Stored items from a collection
* * * * *
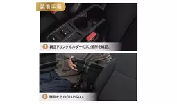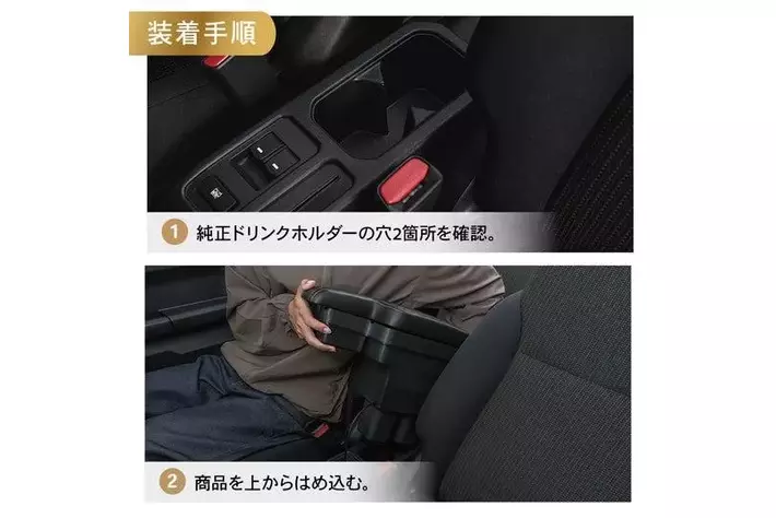 - 純正ドリンクホルダーの穴2箇所を確認。- 商品を上からはめ込む。
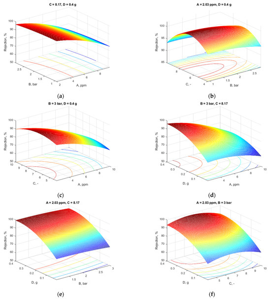 In Figure 6f is depicted the effect of two factors, MXene content and pH, at a constant Pb concentration of 2.09 ppm and a pressure of 3 bar. As can be observed from the figure, the increase in MXene content led to an increase in rejection, while the variance of MXene content had a very high, significant effect on rejection.
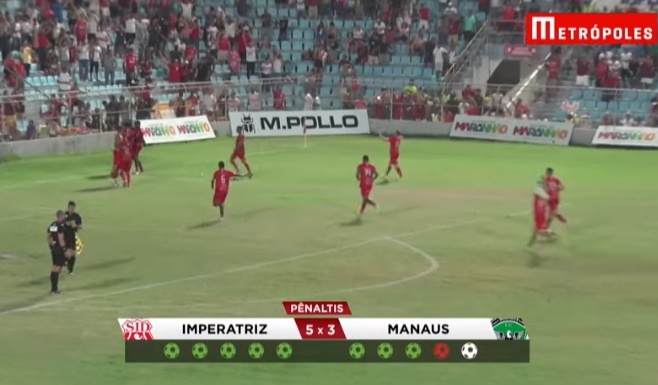 Nas cobranças de pênaltis, Wanderson, Jonas e Gustavo Lila marcaram para o Manaus, mas Gabriel Masson parou no goleiro Redson. Pelo Imperatriz, Rayllan, Hitalo, Felipe Macena, Nassom e Weslley Santos converteram e garantiram a vaga na próxima fase.
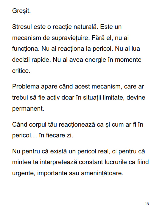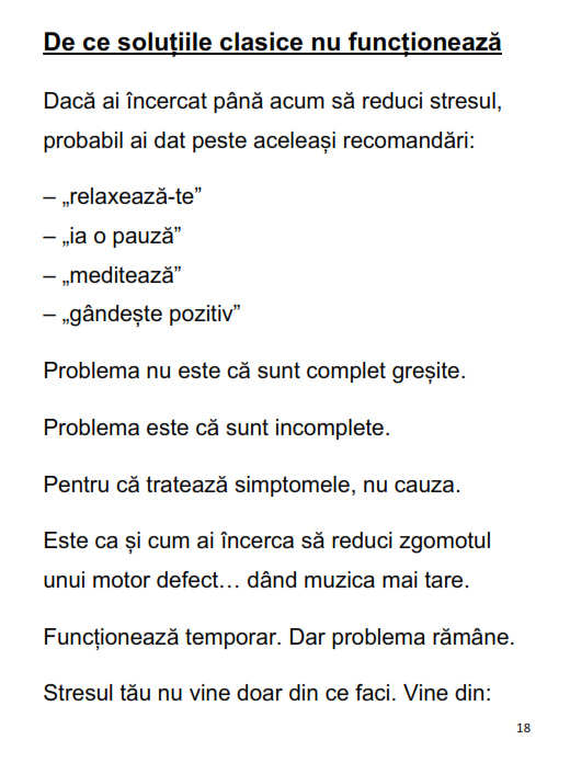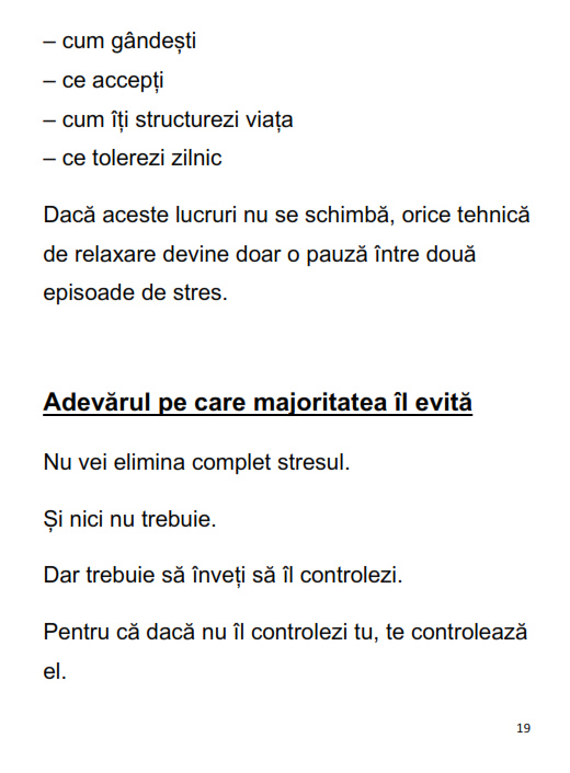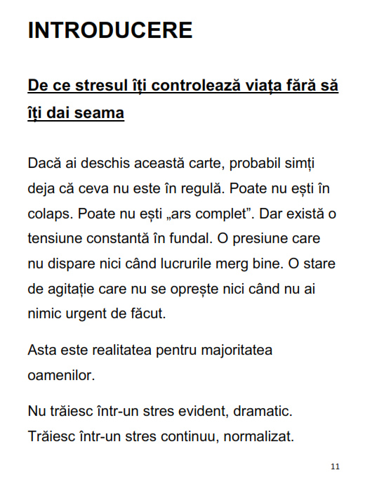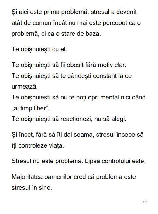 Cartea îți arată clar diferența dintre a fi ocupat și a avea control, dintre a reacționa și a acționa conștient. Nu îți promite o viață fără stres. Îți oferă ceva mult mai valoros: control asupra lui.
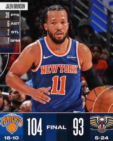 Quella ottenuta a New Orleans è una vittoria meno semplice del previsto per i Knicks, che dopo una prima parte di gara tutto sommato scialba si rimettono in moto nel 3° quarto e poi conducono fino alla fine. A suonare la carica ai suoi è come sempre Jalen Brunson, che segna 29 dei suoi 39 punti nel secondo tempo, chiudendo con anche 6 assist e un eccellente 13/19 dal campo
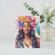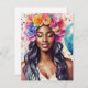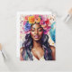 Denna akvarellkonst visar en vacker svart kvinna med slutna ögon som bär en blomsterkrans i en feststämning. Den melaninrika skönheten är omgiven av mångfärgade ballonger och konfetti, med en lugn uttryck och ett leende på hennes vackra bruna ansikte. Detta färgglada festliga konstverk passar för födelsedagar, pensionsfester, skilsmässa firande, möhippor och mer!
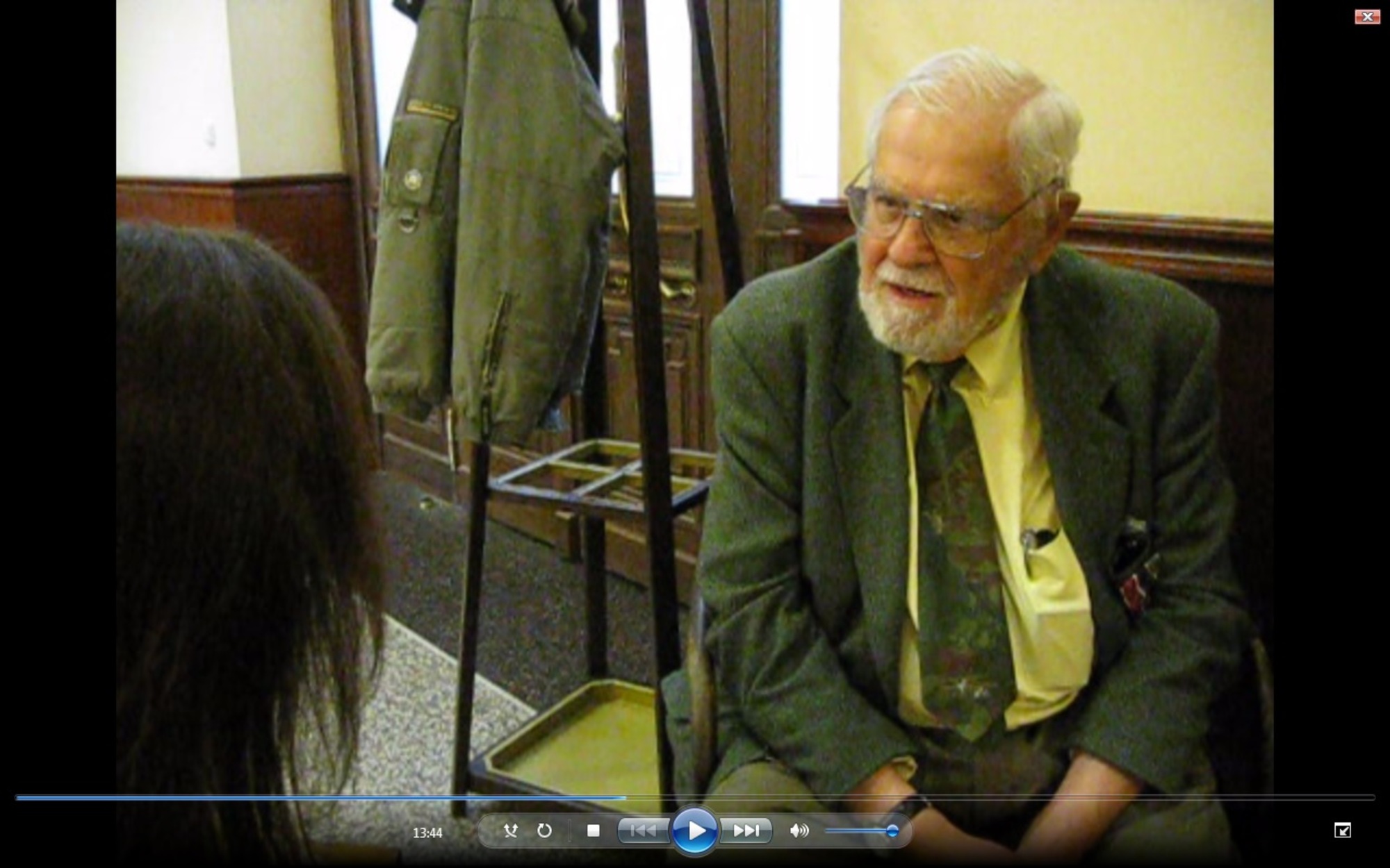 “I joined 2nd infantry division during the Battle of the Bulge in Belgium. We were done across the Rhine and eventually we captured Leipzig, and then were around Mulde river, and the Russians at the other side, they were not friendly. Suddenly then, we were put on a truck and headed south towards the border of Sudeten and then Czechoslovakia. We entered Sudetenland and there were some Germans who were still fighting and in fact one of them was able to knock out one of our tanks and five men got killed, those were the last American soldiers that I saw killed during the war. Several were wounded later but nothing very serious. As we moved through Sudetenland we saw very few people, those that we saw were obviously Germans and they were not happy with our presence. Then we crossed, I learned later it was the border of Sudetenland, marching towards Domažlice. The Czech people were lining the roads waving home-made American flags, flags made from pieces of paper, pieces of cloth, some with paint, some with children crayon markers, and offering us all kind of pastries and beer and cake, and all kinds of good food and we knew that the Czech people were sharing with us the last of their sugar, the last of their flour, the last of their foods so we were grateful.”
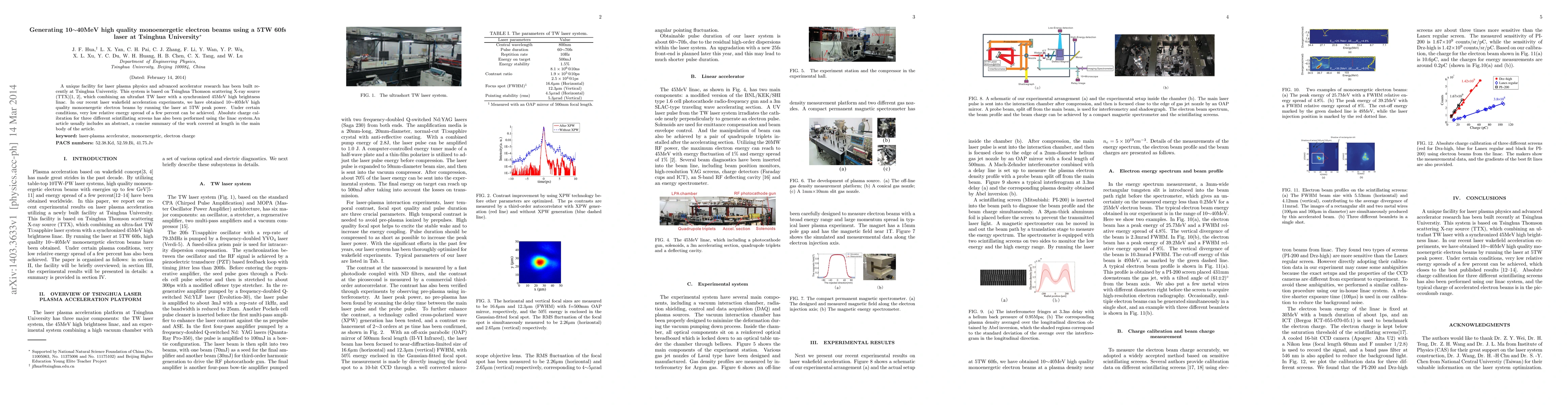 Summary: Researchers at Tsinghua University have developed a facility combining a 5TW 60fs laser and a 45MeV linac to generate 10~40MeV monoenergetic electron beams with low relative energy spread, achieving high-quality results in laser wakefield acceleration experiments. Calibration using scintillating screens has been performed for precise measurement.
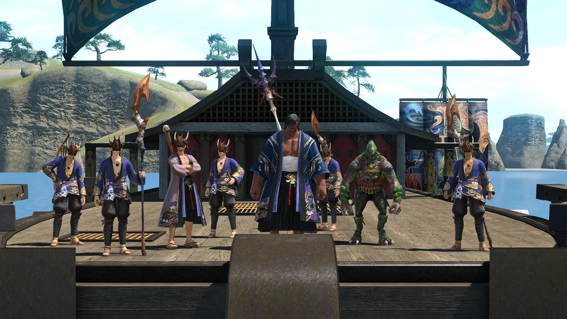 Hancock Fitzgerald, Soroban, and Seiryu of the Four Lords would approach the Confederacy for aid in procuring aether-rich treasures from the Ruby Sea to complete Sharlayan's starship Ragnarok. They were delivered by the Majestic Theater Company aboard the Prima Vista.
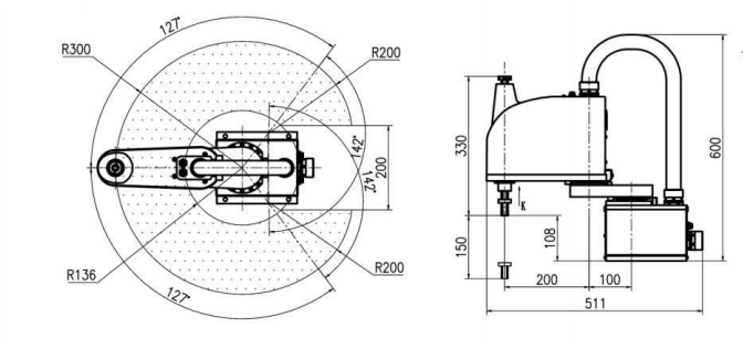 Траектории перемещения 6-ти осевого манипулятора и габариты для модели SD500
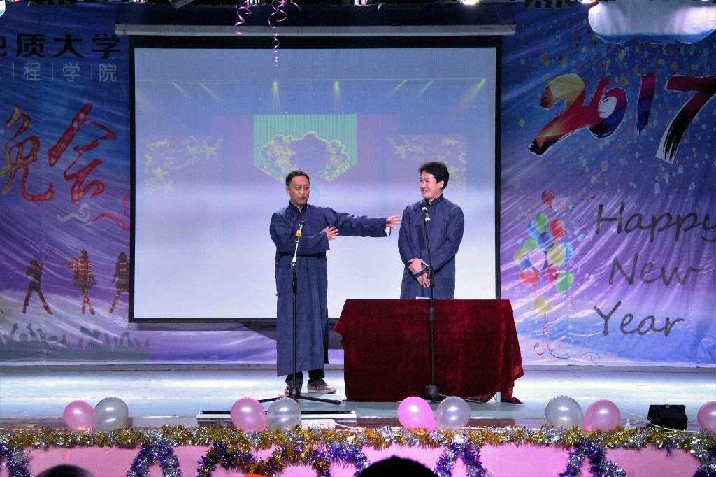 随着大屏幕上的倒计时,元旦晚会正式开始。魅力四射的开场舞将在场所有观众的激情点燃。副院长张翠军代表学院致新年贺辞。动感十足的舞蹈、风趣幽默的小品、优美高亢的歌声,精彩绝伦的相声,还有与众不同的手影舞,一次次地将现场氛围推至高潮。特别是老师们精心准备的精彩节目,幽默的相声,积极阳光的歌曲,更是赢得了在场观众震耳欲聋的掌声、喝彩声。歌声、乐声、呐喊声互相交织,师生其乐融融,共同谱写了一篇青春飞扬、激昂风采的乐章。最后,晚会在《相亲相爱一家人》的歌声中完美地落下帷幕。
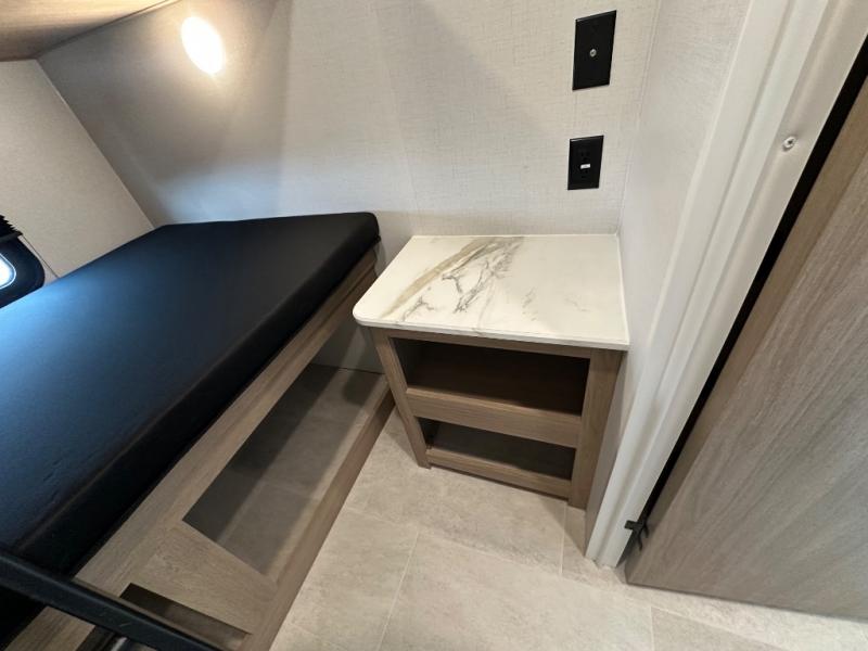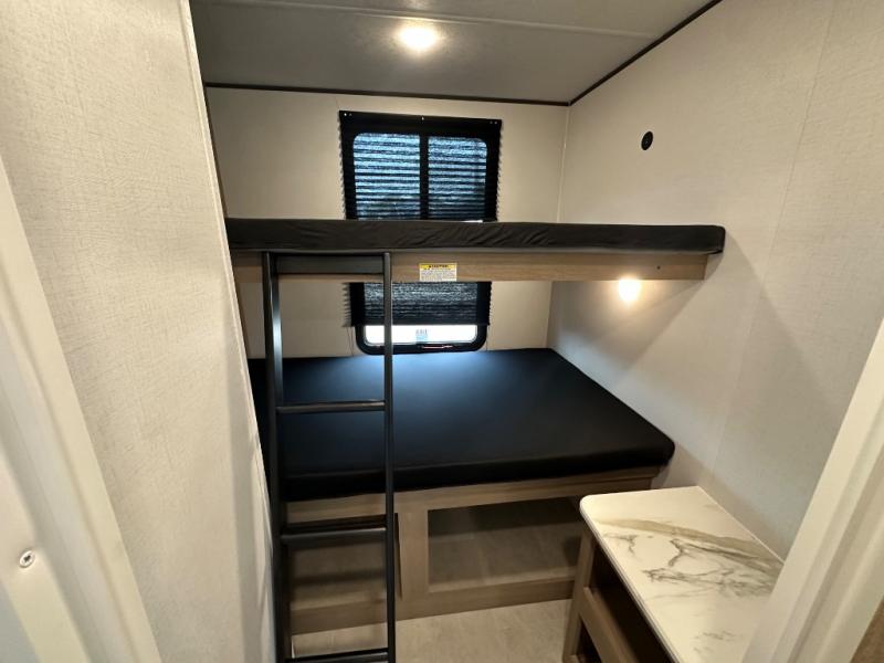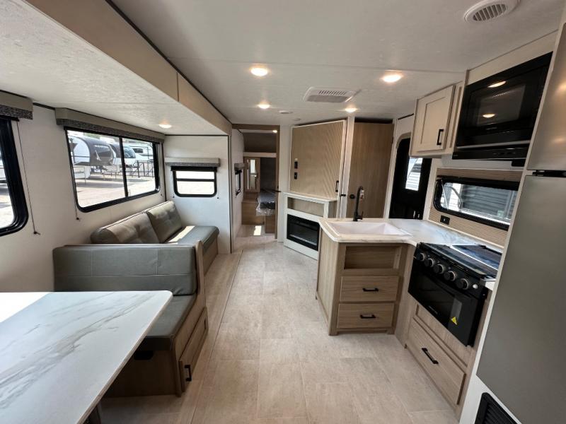 This travel trailer is one your whole crew will love! There is a rear private bunkhouse with double-size bunks for the little ones, a front private bedroom for you, and a booth dinette and jackknife sofa for even more sleeping space! The chef has their choice to cook indoors on the three burner range and microwave oven, or head outdoors to cook on the outdoor kitchen! The full bath will let everyone clean up each day, and the fireplace and large slide out will make your space feel more like home. And don't overlook the pass-through storage and 16' power awning with LED lights!
* * * * *
What this task involves
A word-for-word repeat is expected of the lines from the one with "Траектории перемещения 6-ти" to the end of the data, both included; pictures are not part of it.

Reply to the task
 Траектории перемещения 6-ти осевого манипулятора и габариты для модели SD500
 随着大屏幕上的倒计时,元旦晚会正式开始。魅力四射的开场舞将在场所有观众的激情点燃。副院长张翠军代表学院致新年贺辞。动感十足的舞蹈、风趣幽默的小品、优美高亢的歌声,精彩绝伦的相声,还有与众不同的手影舞,一次次地将现场氛围推至高潮。特别是老师们精心准备的精彩节目,幽默的相声,积极阳光的歌曲,更是赢得了在场观众震耳欲聋的掌声、喝彩声。歌声、乐声、呐喊声互相交织,师生其乐融融,共同谱写了一篇青春飞扬、激昂风采的乐章。最后,晚会在《相亲相爱一家人》的歌声中完美地落下帷幕。
 This travel trailer is one your whole crew will love! There is a rear private bunkhouse with double-size bunks for the little ones, a front private bedroom for you, and a booth dinette and jackknife sofa for even more sleeping space! The chef has their choice to cook indoors on the three burner range and microwave oven, or head outdoors to cook on the outdoor kitchen! The full bath will let everyone clean up each day, and the fireplace and large slide out will make your space feel more like home. And don't overlook the pass-through storage and 16' power awning with LED lights!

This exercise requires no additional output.